Documentation Processing Parse technical documentation for search and indexing.
Citation Extraction Build citation databases from academic literature.
Content Structuring Prepare structured content for downstream analysis or ML pipelines.
Key Functions Reference
markdown.generate_toc()
fc.markdown.generate_toc(fc.col( "markdown" ))
Generates a hierarchical table of contents from all heading levels.
fc.markdown.extract_header_chunks(
fc.col( "markdown" ),
header_level = 2 # Extract up to level 2 headings
)
Extracts sections as an array of structs with heading, content, and hierarchy fields.
markdown.to_json()
fc.markdown.to_json(fc.col( "markdown" ))

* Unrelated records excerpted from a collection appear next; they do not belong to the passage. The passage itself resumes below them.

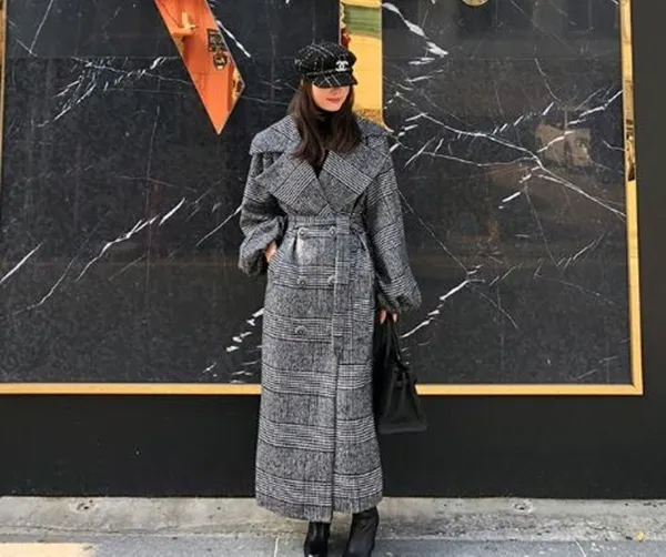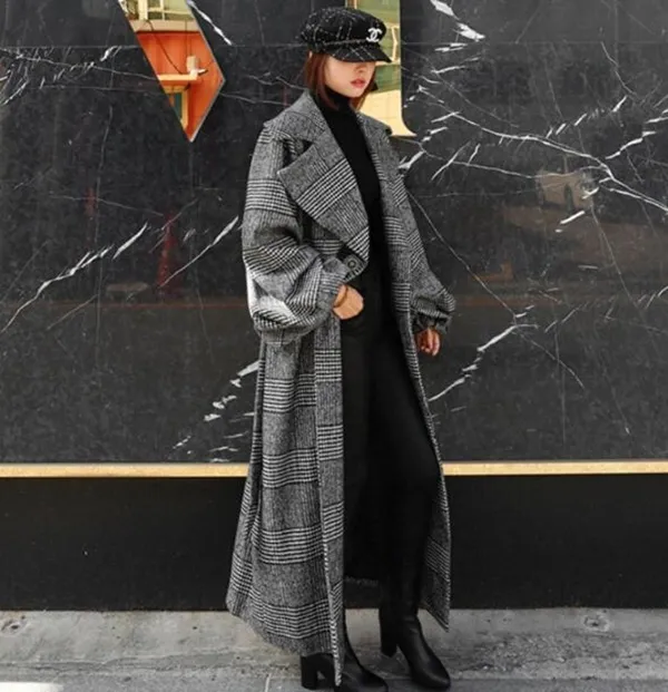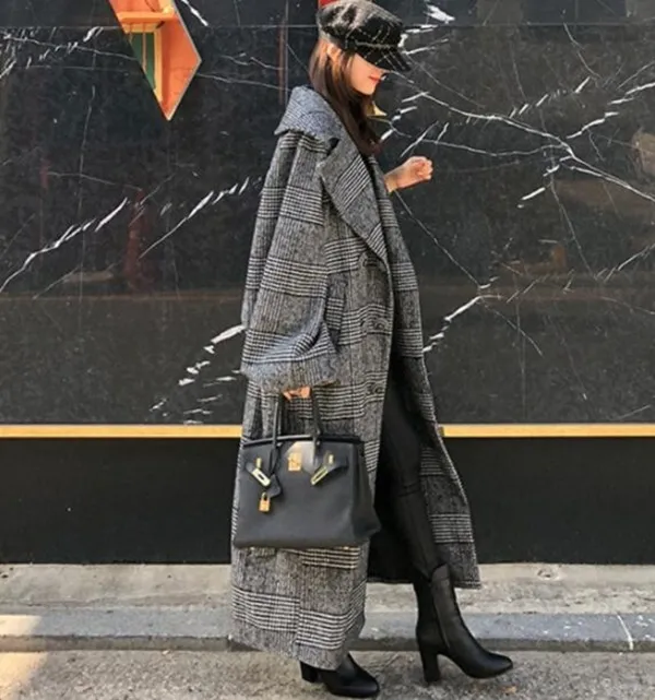 衣都精品-毛呢中長款新款韓版寬鬆雙排扣系帶千鳥格外套
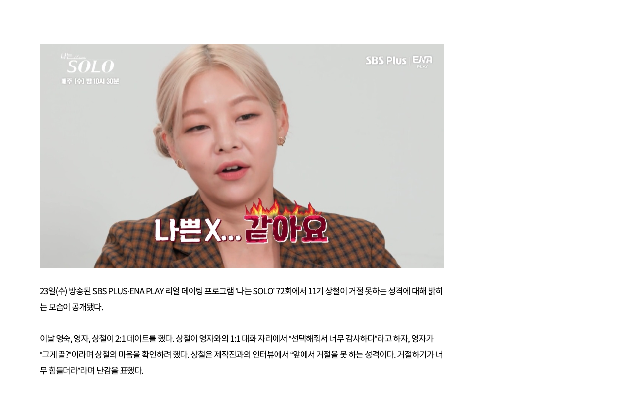 11기 상철을 처음에는 그렇지 않았는데, 영숙의 소개 이후로 미지근해졌다.
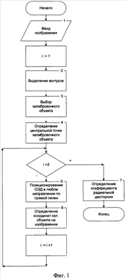 Блок-схема алгоритма калибровки радиальной дисторсии представлена на фиг.1.
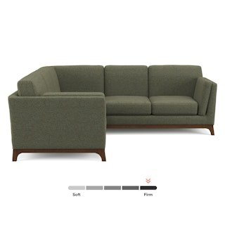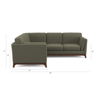 The Ceni sectional fuses the classic with the modern featuring its plush seating, sleek track arms and clean design lines. Its beautifully crafted wooden base with slanted legs enhances its strong and sturdy construction, while its plush seat cushions, backrests and armrests allow you to snuggle up comfortably.
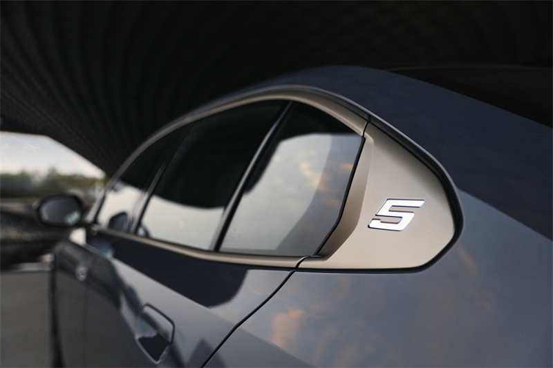 除“雙腎格柵”之外,經典的“霍夫邁斯特彎角”在全新BMW 5系上重新演繹并煥發新活力。“霍式彎角”是1961年推出的BMW 1500車型的一個經典設計細節,將原本圓滑的C柱微調以突出車輛的運動氣息。全新BMW 5系重新演繹的“霍氏彎角”,讓車門開角更大,側窗視野更敞亮。同時增添了“5的光耀標識”這一功能性的獨特創新設計,讓車輛啟動充電時呈現“呼吸”效果,明暗變化間彰顯獨特辨識度。
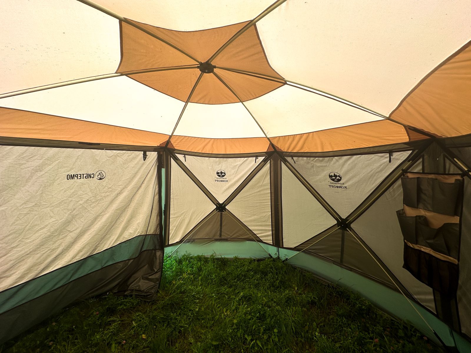 Шатёр оборудован одним большим входом с москитной сеткой в пол. Внешняя ткань тента может использоваться как солнцезащитный козырек благодаря 2 упорам из стеклокомпозитного прутка 12мм которые идут в комплекте. Входная группа может быть закрыта полностью или с поднятым внешним тентом.
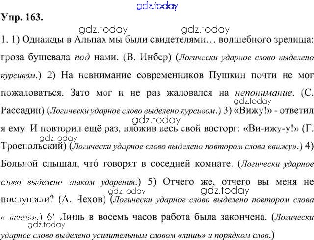 На страницах сайта gdz.today вы найдете учебный и вспомогательный материал, направленный на улучшения знаний школьной программы. ГДЗ - онлайн мир знаний Упражнения Часть 1 (решение) 163 Учебнику по Русскому языку для 8 класса Быстрова, Кибирева Русское слово Инновационная школа 2019
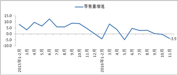 图1 2015年1月-2016年11月全国百家重点大型零售企业服装类商品零售额分月同比增速(%)
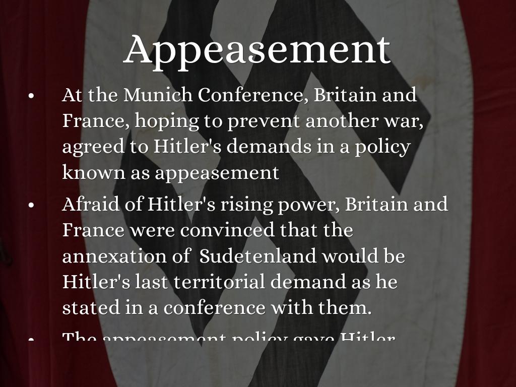 Afraid of Hitler's rising power, Britain and France were convinced that the annexation of Sudetenland would be Hitler's last territorial demand as he stated in a conference with them.
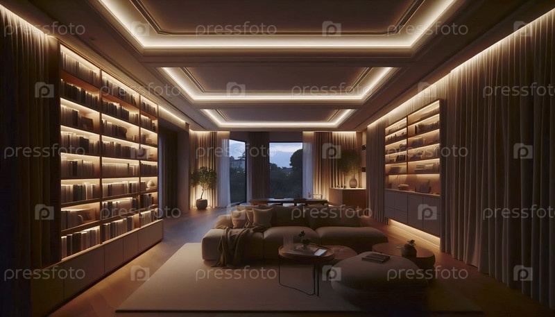 Минималистическая гостиная с интегрированным умным освещением, Ai generated image
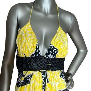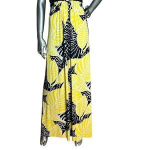NWOT Sky Yellow & Black Tropical Print Maxi Dress S XS (020)
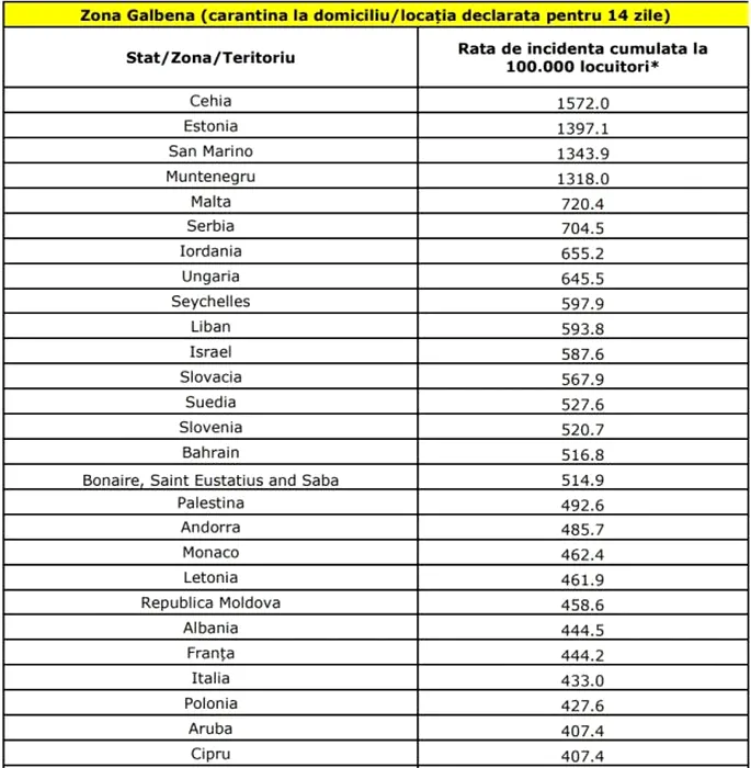 Lista țărilor din zona galbenă. Test PCR obligatoriu pentru cei care intră în România
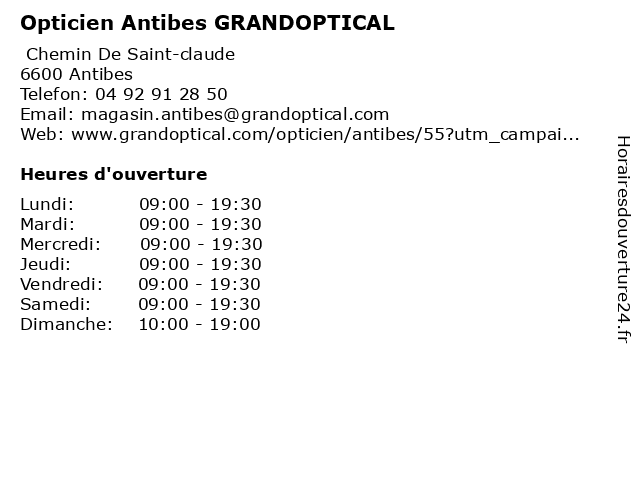 1 Opticien Antibes | Alain Afflelou (Distance: 0,03 km) Centre Commercial Carrefour, 06600 Antibes afflelou, alain, antibes, magasin de lunettes de soleil, magasin d’accessoires de mode, opticien, optométrie 2 Opticien GrandOptical Antibes (Distance: 0,03 km) Chemin de Saint-Claude, 06600 Antibes antibes, grandoptical, opticien 3 Opticien ANTIBES Générale d'Optique (Distance: 0,32 km) 2222 Route de Grasse, 06160 Antibes antibes, d'optique, examen de la vue, générale, lentilles de contact, lentilles progressives, lunette ray ban, lunettes, lunettes anti-lumière bleue, lunettes de conduite de nuit, lunettes de conduites de nuit, lunettes de soleil, lunettes de soleil pour enfant, lunettes de soleil pour femme, lunettes de soleil pour homme, lunettes de vue, lunettes de vue femme, lunettes de vue homme, lunettes progressives, opticien, opticien proche de chez moi, optique, sport à la vue, vérification de la vue 5 ACUITIS Opticien & Audioprothésiste Antibes (Distance: 0,51 km) 50 Voie Marie Fischer, 06600 Antibes acuitis, antibes, audiologiste, audioprothesiste, audioprothésiste, magasin d'appareils auditifs, magasin de lentilles de contact, magasin de lunettes de soleil, opticien, optometrie 6 Atol Mon Opticien (Distance: 2,67 km) 495 Route de la Mer, 06410 Biot atol, atol les opticiens, atol mon opticien, lentilles, lunettes de soleil, lunettes de vue, mon, opticien, opticien biot |
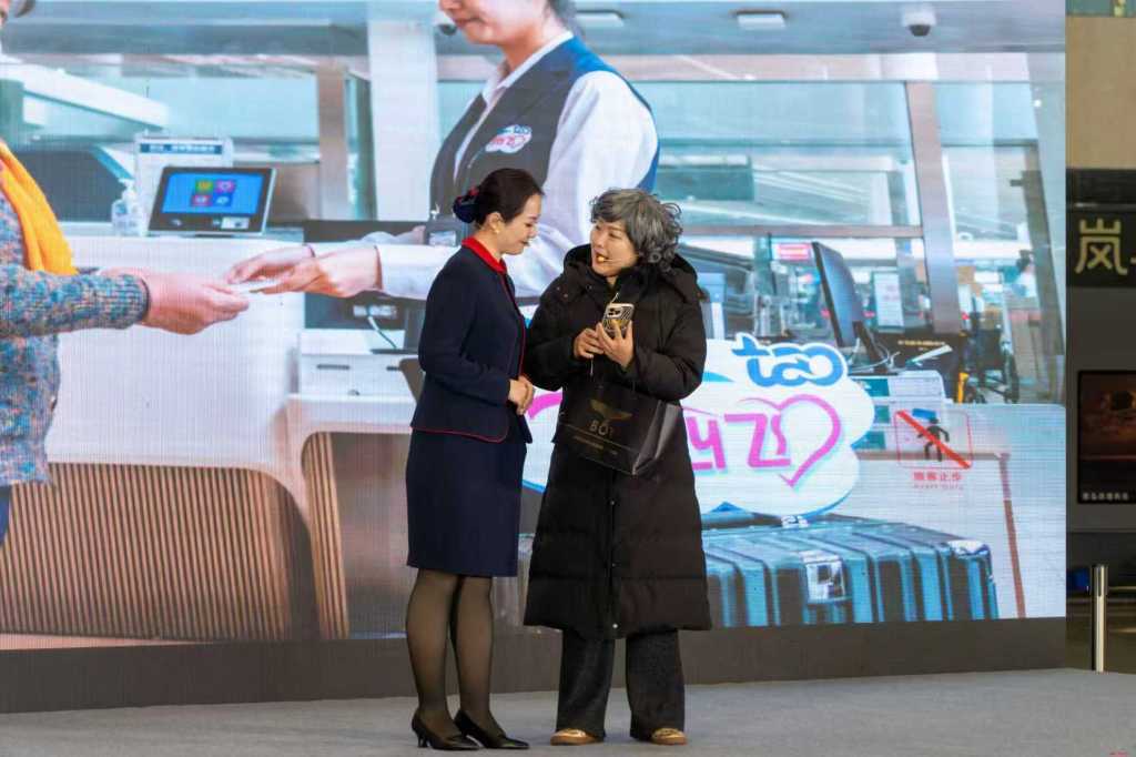 “我们全家计划今年去南方过年,青岛直飞三亚的航线太及时了,大大节省了路途时间。”在活动现场观看航线推介的李先生高兴地表示。活动现场划分舞台观演、航旅集市、春运体验三大区域,融入文艺表演、航线推介、非遗手工制作、互动打卡等丰富环节。“孩子对着非遗手作展品挪不开脚,跟着传承人学做手工让候机时间变得充实又有意义。”带着孩子参与体验的刘女士笑着说道。多样化的互动场景,让旅客在候机间隙便能沉浸式感受青岛的文化魅力与浓厚节日氛围。
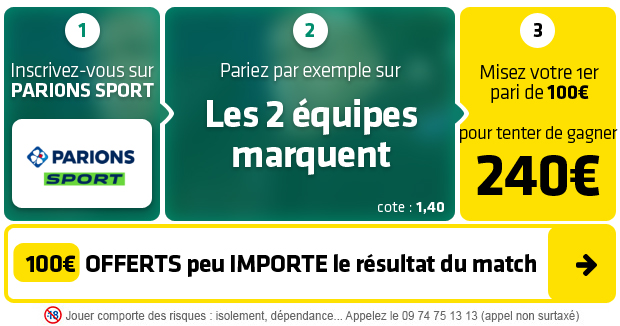 ► Profitez de 100€ chez ParionsSport peu importe le résultat de votre 1er pari : – Inscrivez-vous en cliquant ici – Vous avez le droit à un 1er pari remboursé en pari gratuit de 100€ SANS CONDITIONS – Misez par exemple votre 1er pari de 100€ sur ce pari pour tenter de gagner 240€ (140€ du pari + 100€ de bonus)- Que votre pari soit gagnant ou perdant, vous recevez forcément 100€ de paris gratuits ! – Vous pouvez utiliser vos 100€ pour continuer à parier

Converts markdown to a nested JSON structure for complex querying.
json.jq()
fc.json.jq(
fc.col( "json_data" ),
'.children[0].content[0].text' # JQ query
)
Executes JQ queries on JSON data for powerful navigation and transformation.
fc.text.extract(
fc.col( "text" ),
"[$ {ref_number:none} ] $ {content:none} " # Template pattern
)
Extracts structured data using template patterns with ${field:type} syntax.
Advanced Features Demonstrated
Chaining Operations
# Chain multiple transformations
result = (
df.select(fc.col( "content" ).cast(fc.MarkdownType).alias( "md" ))
.select(fc.markdown.extract_header_chunks(fc.col( "md" ), header_level = 2 ).alias( "sections" ))
.explode( "sections" )
.unnest( "sections" )
.filter(fc.col( "heading" ).contains( "Introduction" ))
.select(fc.col( "content" ))
)
Type Conversions
# Cast between types as needed
df.select(
fc.col( "markdown" ).cast(fc.MarkdownType), # String -> MarkdownType
fc.markdown.to_json(fc.col( "markdown" )), # MarkdownType -> JsonType
fc.col( "json" ).cast(fc.StringType) # JsonType -> StringType
)
Expected Output
The pipeline demonstrates:
✓ Loading markdown documents into Fenic DataFrames
✓ Generating table of contents with markdown.generate_toc()
✓ Extracting structured sections with markdown.extract_header_chunks()
✓ Converting arrays to rows with explode() and unnest()
✓ Filtering DataFrames to find specific sections
✓ Text processing with split() and regex patterns
✓ Converting markdown to JSON with markdown.to_json()
✓ Querying JSON structures with json.jq()
✓ Template-based text extraction with text.extract()
✓ Structured citation parsing into separate fields
Combine markdown processing with semantic operations to build powerful document analysis pipelines that understand both structure and content.